In Deutschland werden jetzt auch Schulen und Kitas wegen des Corona-Virus geschlossen. Arztpraxen stellt das vor Probleme: Manche Mitarbeiter können nicht mehr zur Arbeit kommen, weil sie ihre Kinder betreuen müssen. Andere möchten aus Angst vorsorglich zu Hause bleiben. Was müssen Arbeitgeber und Arbeitnehmer jetzt wissen?

 

Auch wenn man die Angst vieler Menschen vor einer Ansteckung mit SARS-CoV-2 verstehen kann – ein Mitarbeiter, der nicht erkrankt ist, darf nicht der Arbeit fernbleiben. Die grundsätzliche Pflicht eines Arbeitnehmers, die vereinbarte Arbeitsleistung zu erbringen, besteht weiter.

 

Im Zusammenhang mit dem Corona-Virus sind folgende Konstellationen möglich:

 

Der Mitarbeiter ist krank

Ist der Mitarbeiter an dem Corona-Virus erkrankt, müssen Sie für maximal 6 Wochen den Lohn fortzahlen, wie bei jeder anderen Erkrankung auch.

 

Der Mitarbeiter ist gesund

Wenn ein Mitarbeiter ausdrücklich wünscht, zu Hause bleiben zu dürfen, können Sie ihn unbezahlt freistellen.
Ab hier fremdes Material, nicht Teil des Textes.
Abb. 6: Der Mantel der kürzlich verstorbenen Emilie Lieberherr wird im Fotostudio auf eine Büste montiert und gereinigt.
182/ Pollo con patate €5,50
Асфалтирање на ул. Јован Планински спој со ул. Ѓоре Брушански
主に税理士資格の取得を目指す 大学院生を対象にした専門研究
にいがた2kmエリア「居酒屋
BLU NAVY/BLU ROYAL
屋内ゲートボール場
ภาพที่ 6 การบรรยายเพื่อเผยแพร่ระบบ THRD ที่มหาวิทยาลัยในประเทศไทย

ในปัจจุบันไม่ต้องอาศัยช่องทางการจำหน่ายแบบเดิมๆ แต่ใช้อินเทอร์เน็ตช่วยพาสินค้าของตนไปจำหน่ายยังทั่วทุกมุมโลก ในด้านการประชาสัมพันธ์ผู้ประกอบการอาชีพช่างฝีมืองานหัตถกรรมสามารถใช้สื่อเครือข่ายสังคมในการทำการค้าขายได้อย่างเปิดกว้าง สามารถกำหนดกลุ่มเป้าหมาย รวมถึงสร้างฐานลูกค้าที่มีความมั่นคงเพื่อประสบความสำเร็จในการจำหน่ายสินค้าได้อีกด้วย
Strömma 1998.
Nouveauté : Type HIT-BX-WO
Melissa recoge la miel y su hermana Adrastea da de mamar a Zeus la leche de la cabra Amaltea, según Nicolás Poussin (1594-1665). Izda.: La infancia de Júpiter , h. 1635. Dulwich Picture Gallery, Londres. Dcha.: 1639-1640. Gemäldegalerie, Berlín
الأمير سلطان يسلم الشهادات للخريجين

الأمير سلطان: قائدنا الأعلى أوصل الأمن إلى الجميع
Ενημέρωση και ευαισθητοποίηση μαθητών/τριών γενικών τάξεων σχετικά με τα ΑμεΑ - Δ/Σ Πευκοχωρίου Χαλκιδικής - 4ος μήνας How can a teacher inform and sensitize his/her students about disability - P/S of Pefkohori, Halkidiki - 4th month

Sie müssen dann keinen Lohn bezahlen.

Im umgekehrten Fall, also wenn Sie als Arbeitgeber einen nicht erkrankten Arbeitnehmer nach Hause schicken wollen, müssen Sie den Lohn weiterbezahlen.

 

Entschädigung im Quarantäne-Fall

Nur in dem Fall, dass eine Behörde die Quarantäne und ein Beschäftigungsverbot für den Mitarbeiter angeordnet hat, erhalten Sie eine Entschädigung von der Behörde. Sie müssen zwar in Vorleistung gehen, bekommen aber das Geld auf Antrag erstattet.
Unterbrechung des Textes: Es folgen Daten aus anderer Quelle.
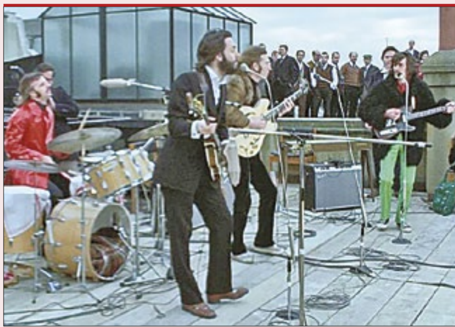
Paul, John, George e Ringo na histórica apresentação no terraço da Apple
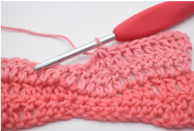
11. Virka 3 st tillsammans.
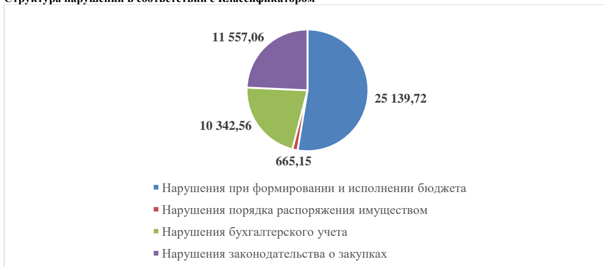
Диаграмма № 3
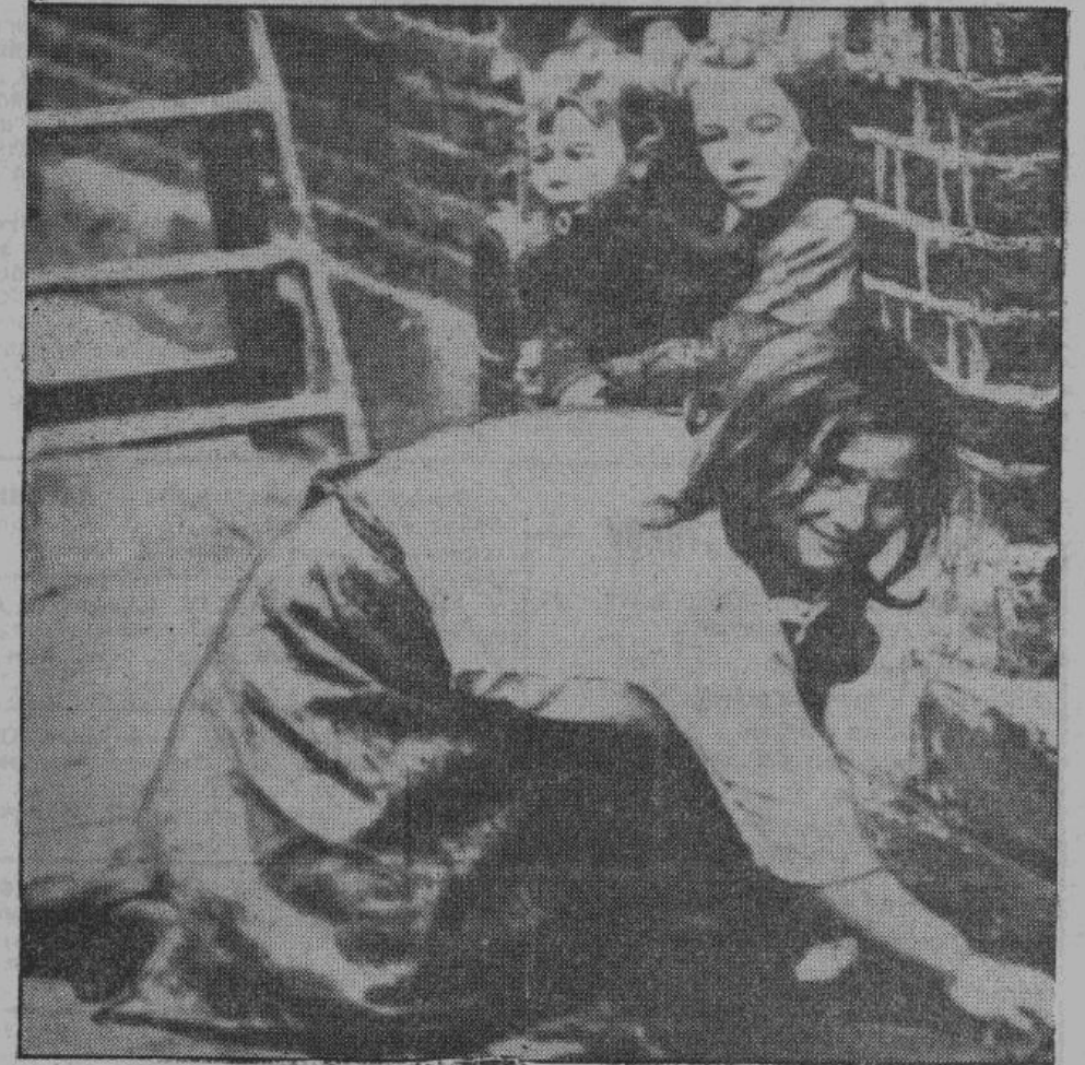
В темных дворах, среди грязи и мусора, в ужасных антисанитарных условиях, растет британская рабочая молодежь, в то время, как дети богатей в Гайл-Парке развлекаются верховой ездой или убивают время спортом в так называемых, университетских

Уже четыре поколения состоятельных англичан терпят в своих больших городах трущобный ад, эти рассказы нищеты, горя и преступлений. Нигде больше на свете, кроме только поработанной большевиками России, нельзя видеть нищету, горе и лишения в таких размерах. Но именно это и характерно для политических союзных систем плутократии большевизма, что они ничего не делают для ликвидации обнищания эксплуатируемых ими народов. Наоборот, они толкают их еще глубже в нищету. И если большевики когда-то пытались нам рассказать, что они являются смертельными заклятыми врагами капитализма, то пример сегодняшнего союза между Москвой и Лондоном показывает, что в этом нет ни капли правды. Они очень похожи друг на друга и результаты их хозяйничанья совершенно одинаковы: обнищание народов и их бессостынная эксплуатация.

Stellen Sie den Antrag unbedingt innerhalb von drei Monaten nach Ende der Quarantäne. Sonst kann er abgelehnt werden.

Eine Entschädigung erhalten auch Sie als Selbständiger, wenn Sie unter Quarantäne gestellt werden oder ein Tätigkeitsverbot erhalten haben.

 

Sonderfall: Fehlende Kinderbetreuung

Schwieriger ist der Fall, wenn ein Mitarbeiter nicht arbeiten kann, weil Kita oder Schule geschlossen ist, aber weder Mitarbeiter noch Kind krank sind.

Ob der Mitarbeiter weiter Lohnanspruch hat oder nicht, regelt § 616 BGB. Dort heißt es: Wer ohne eigenes Verschulden und aus einem persönlichen Grund verhindert ist und nicht zur Arbeit kommen kann, bekommt unter folgenden Bedingungen weiter Gehalt:

  • wenn die Beaufsichtigung oder Betreuung geboten ist und
  • andere geeignete Aufsichtspersonen nicht zur Verfügung stehen.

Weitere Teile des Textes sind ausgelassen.